Он помолчал немного и сказал:
– Барону эти огни напоминают амалекитян, а мне кажется, что они похожи на человеческие мысли… Знаете, мысли каждого отдельного человека тоже вот таким образом разбросаны в беспорядке, тянутся куда-то к цели по одной линии, среди потемок, и, ничего не осветив, не прояснив ночи, исчезают где-то – далеко за старостью… Однако, довольно философствовать! Пора бай-бай…
Когда мы вернулись в барак, инженер стал упрашивать меня, чтобы я лег непременно на его кровать.
– Ну, пожалуйста! – говорил он умоляюще, прижимая обе руки к сердцу. – Прошу вас! А насчет меня не беспокойтесь. Я могу спать где угодно, да и еще не скоро лягу… Сделайте такое одолжение!
Я согласился, разделся и лег, а он сел за стол и принялся за чертежи.
– Нашему брату, батенька, некогда спать, – говорил он вполголоса, когда я лег и закрыл глаза. – У кого жена да пара ребят, тому не до спанья. Теперь корми и одевай да на будущее припасай. А у меня их двое: сынишка и дочка… У мальчишки-подлеца хорошая рожа… Шести лет еще нет, а способности, доложу я вам, необыкновенные… Тут у меня где-то их карточки были… Эх, деточки мои, деточки!
Он пошарил в бумагах, нашел карточки и стал глядеть на них. Я уснул.
Разбудили меня лай Азорки и громкие голоса. Фон Штенберг, в одном нижнем белье, босой и с всклоченными волосами, стоял на пороге двери и с кем-то громко разговаривал. Светало… Хмурый, синий рассвет гляделся в дверь, в окна и в щели барака и слабо освещал мою кровать, стол с бумагами и Ананьева. Растянувшись на полу на бурке, выпятив свою мясистую, волосатую грудь и с кожаной подушкой под головой, инженер спал и храпел так громко, что я от души пожалел студента, которому приходится спать с ним каждую ночь.

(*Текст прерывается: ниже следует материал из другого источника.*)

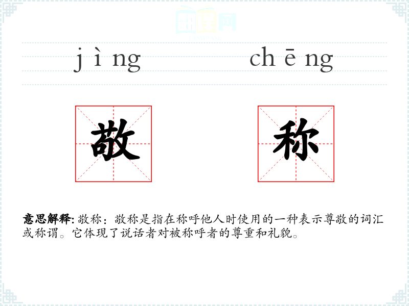 敬称:敬称是指在称呼他人时使用的一种表示尊敬的词汇或称谓。它体现了说话者对被称呼者的尊重和礼貌。
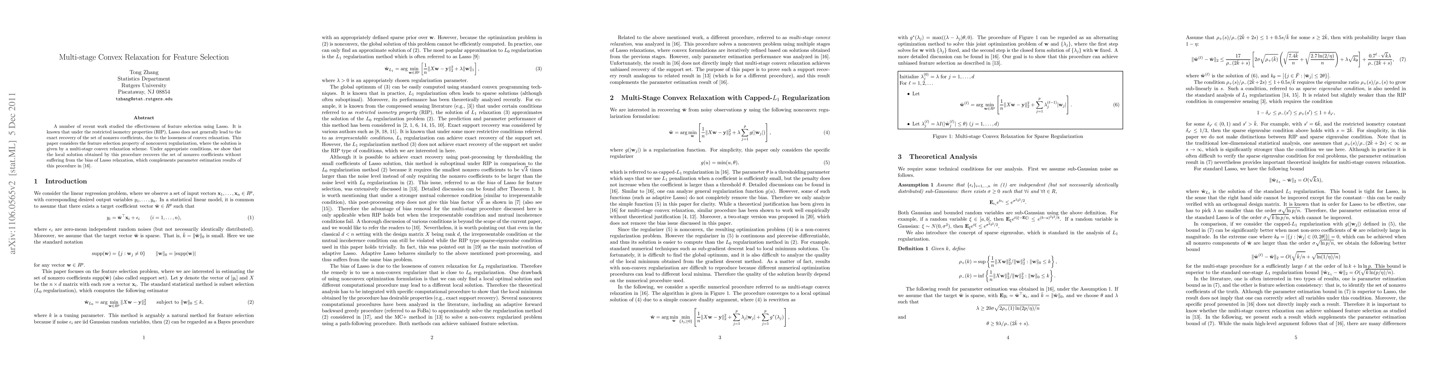 This paper introduces a multi-stage convex relaxation method for feature selection, addressing Lasso's limitation in exact coefficient recovery under RIP. The new approach, utilizing nonconvex regularization, is shown to recover the nonzero coefficient set without Lasso's bias, offering an improvement in feature selection.
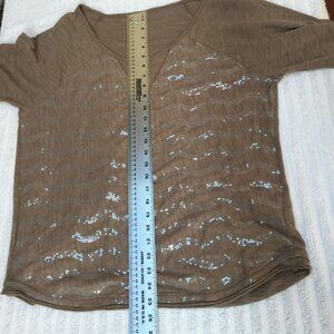 Women's Avec Sequins Blouse Top Scoop Neck Half Sleeve XL Cotton Brown
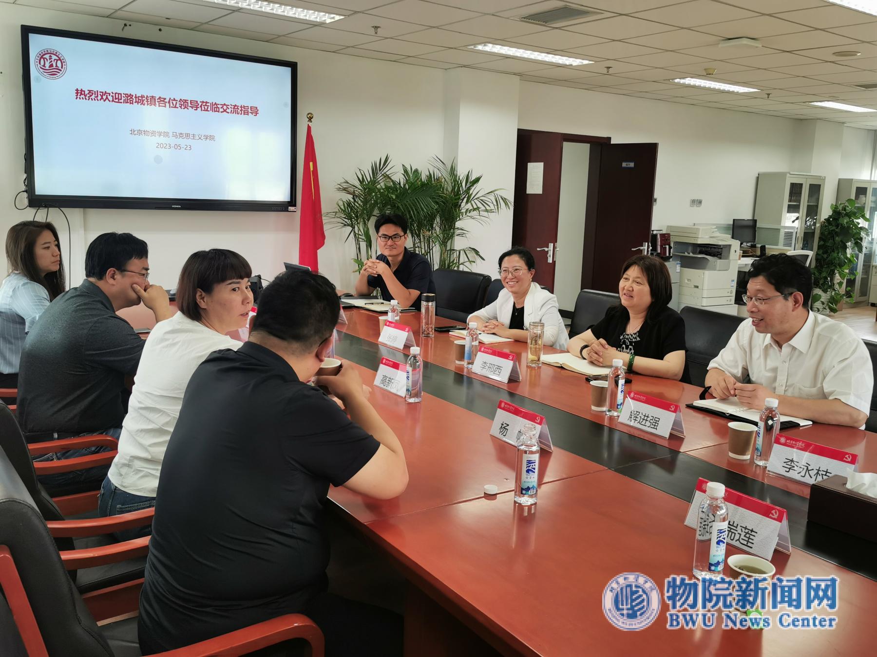 直属党支部书记张建宝全面介绍了马院的师资队伍、学科建设、大思政课体系与实践育人模式、党建引领的理论宣讲与社会服务,就共建大思政课实践教学基地、共襄基层社会治理等提出校地合作的具体构想。高新凤副书记一行对此高度认同。双方围绕深度协作、共促高质量发展进行了细致的研讨交流,明确了具体的落实事项。双方一致表示,将立足北京城市副中心搭建校地长效合作机制,在党建创新、基层治理、人才培养等方面优势互补合作共赢,打造校地合作典范。

– С какой же стати мы будем принимать? – кричал фон Штенберг. – Это нас не касается! Поезжай к инженеру Чалисову! От кого это котлы?

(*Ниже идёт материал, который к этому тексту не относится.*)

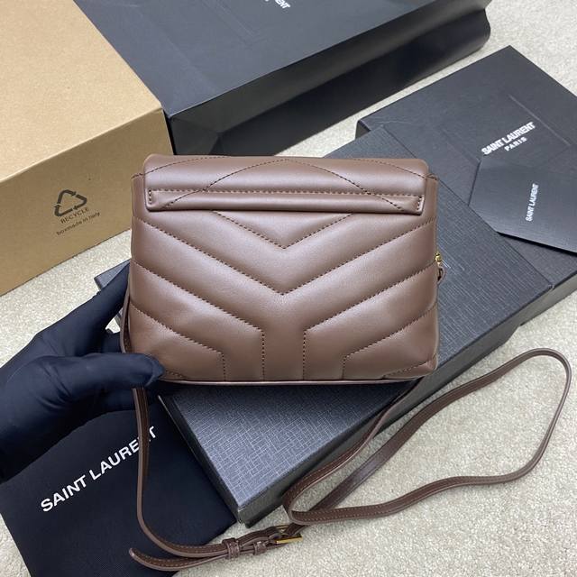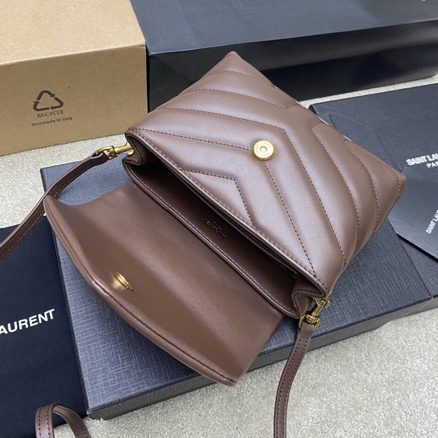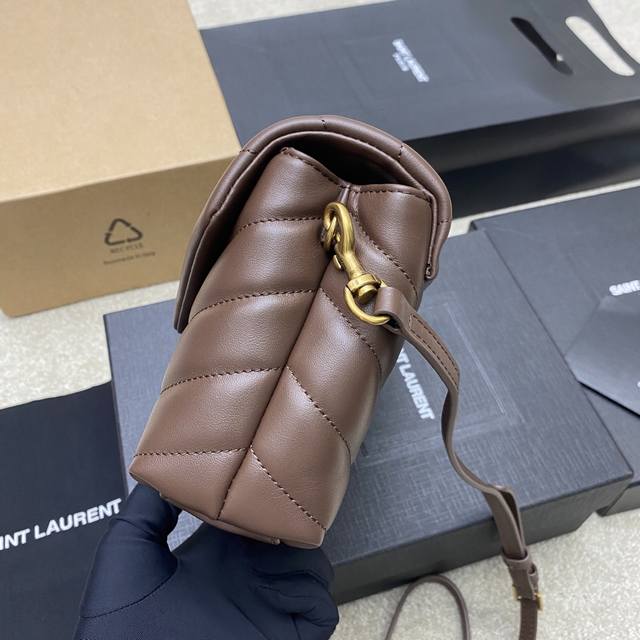 咖啡平纹 古金顶级原单、精品专供 新色Loulou迷你号斜挎包,整包采用柔软的意大利原厂胎牛皮制作,搭配经典的Y家斜条纹绗缝工艺,拥有柔和质地的前翻盖袋,肩带可
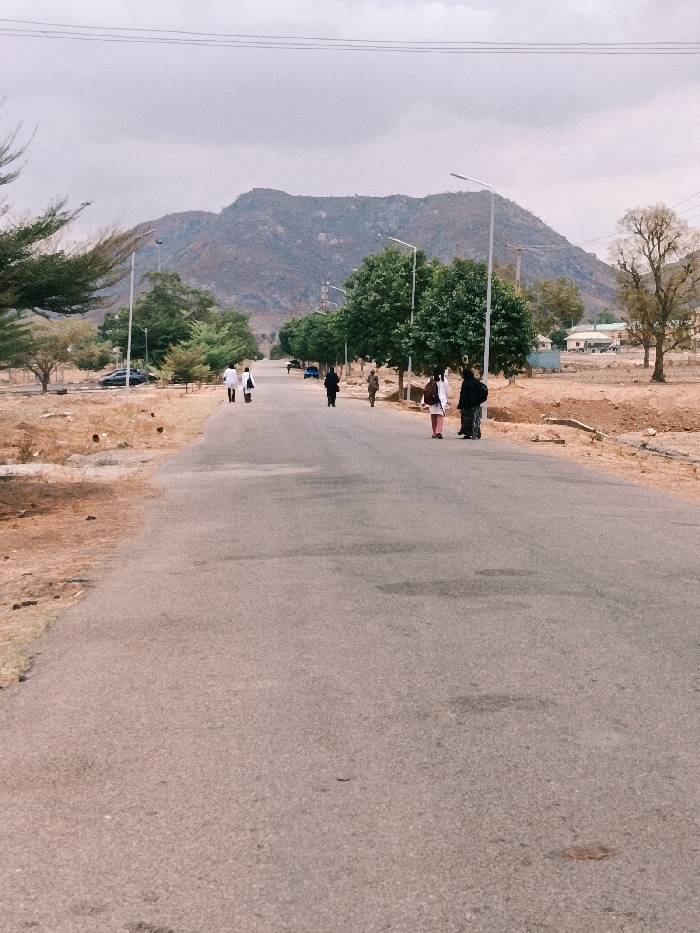 The image displays a paved road stretching into the distance in Rafin Pa, Nigeria, under a cloudy sky. A large, rugged mountain range dominates the background. The road's surface is gray asphalt, exhibiting minor wear. Along the left side of the road, dry, reddish-brown earth with sparse green and dry vegetation is visible, including several trees, one appearing leafless. A dark-colored vehicle is parked on the left side in the mid-ground. On the right side, a line of trees with dense green foliage runs parallel to the road, and a tall, lighter-colored tree with bare branches stands further back. In the far distance on the right, low-rise buildings with light-colored roofs are discernible. Multiple white-poled streetlights are positioned along both sides of the road. Ten individuals are present on the road, generally moving away from the camera. In the mid-ground on the left, two individuals wearing white long-sleeved tops and dark lower garments are walking side-by-side, one carrying a white bag. Further down the road on the left, another person in dark attire is walking. On the right side of the road, two individuals are standing facing away from the camera; one wears a dark top and light pants, and the other wears a white top, dark lower garment, and reddish footwear, with a dark bag on their back. Further back on the right, a person in dark clothing walks, followed by another individual in light brown attire.

– От Никитина… – отвечал угрюмо чей-то бас.
– Ну, так вот и поезжай к Чалисову… Это не по нашей части. Какого ж чёрта стоишь? Поезжай!
– Ваше благородие, мы уж были у господина Чалисова! – сказал бас еще угрюмее. – Вчера цельный день их искали по линии, и в ихнем бараке нам так сказали, что они на Дымковский участок уехали. Примите, сделайте милость! До каких же пор нам возить их? Возим-возим по линии, и конца не видать…
– Что там? – прохрипел Ананьев, просыпаясь и быстро поднимая голову.
– От Никитина котлы привезли, – сказал студент, – и просят, чтобы мы их приняли. А какое нам дело принимать?
– Гоните их в шею!
– Сделайте милость, ваше благородие, доведите до порядка! Лошади два дня не евши и хозяин, чай, серчает. Назад нам везть, что ли? Железная дорога котлы заказывала, стало быть, она и принять должна…
– Да пойми же, дубина, что это не наше дело! Поезжай к Чалисову!
– Что такое? Кто там? – прохрипел опять Ананьев. – А чёрт их возьми совсем, – выбранился он, поднимаясь и идя к двери. – Что такое?
Я оделся и минуты через две вышел из барака. Ананьев и студент, оба в нижнем белье и босые, что-то горячо и нетерпеливо объясняли мужику, который стоял перед ними без шапки и с кнутом в руке и, по-видимому, не понимал их. На лицах обоих была написана самая будничная забота.
– На что мне сдались твои котлы? – кричал Ананьев. – На голову я себе их надену, что ли? Если ты не застал Чалисова, то поищи его помощника, а нас оставь в покое!
Увидев меня, студент, вероятно, вспомнил разговор, который был ночью, и на сонном лице его исчезла забота и показалось выражение мозговой лени. Он махнул рукой на мужика и, о чем-то думая, отошел в сторону.
Утро было пасмурное. По линии, где ночью светились огни, копошились только что проснувшиеся рабочие. Слышались голоса и скрип тачек. Начинался рабочий день. Одна лошаденка в веревочной сбруе уже плелась на насыпь и, изо всех сил вытягивая шею, тащила за собою телегу с песком…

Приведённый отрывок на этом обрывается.